Josh Harle

Josh Harle

Josh Harle is a multidisciplinary researcher and new media artist. His research investigates the virtual spaces generated by emerging technologies, our encounters with the world through them, and their political and philosophical consequences. He graduated with honours in Computer Science at University of Reading, UK, Philosophy at University of New South Wales and Fine Art at the College of Fine Arts, Sydney. In 2013 he completed a doctoral thesis investigating virtual and augmented space with an Australia Research Council APAI linkage grant with the New South Wales government's Emergency Information Coordination Unit.

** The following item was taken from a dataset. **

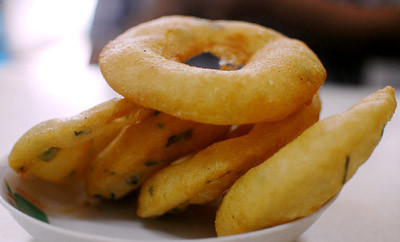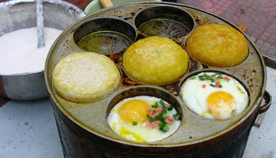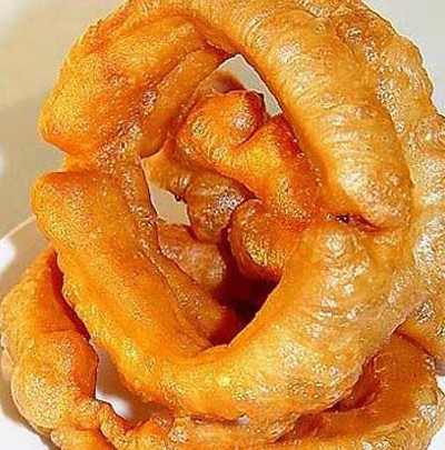 杭州的早餐是最具起源特色的,中国各地早餐最爱的油条就是出自这里了。传说那是杭州的百姓为了庆祝岳飞平反昭雪,便把秦桧和王氏捏成面人,两面人贴在一起,用筷子扯长了投在油锅里炸着吃,觉得只有这样才解恨,后来“油炸桧”或“炸桧”的说法便衍变成今日的油条了。如今杭州名吃“葱包桧”还能依稀辨出原始叫法的影子来。由此看出,杭州人民的想象力和创造力还是很丰富的,以至于延续到今日如此众多的美味小吃来。

Harle’s practice explores the contemporary use of digital technologies to map and make sense of the world. He critiques the often ideological practices of digital capture that result in representations ranging from the schematic and reductive (e.g. GPS navigation and Google maps) to the immersive and evocative (e.g. narrative-based video games). His works take various established and emerging mapping technologies – laser scanning, photogrammetry, geolocation tracking – and re-appropriates them as expressive mediums, altering their outcomes to emphasise an affective element which is normally absent. Through these radical cartographic practices, Harle reveals his own place in a field of competing drives to organise, stake-claims, and dictate boundaries: the map as a performance of exploration, of trying to make sense of the world.
He has exhibited internationally in Berlin, Beijing, London, Vienna, New York, and Sydney. In 2015 he will complete an Australia Council ECAP grant-supported residency at the University of Western Australia's Archaeology department, working with archaeologists and local communities in Pilbara and Kimberly to produce virtual tours of vulnerable rock art sites.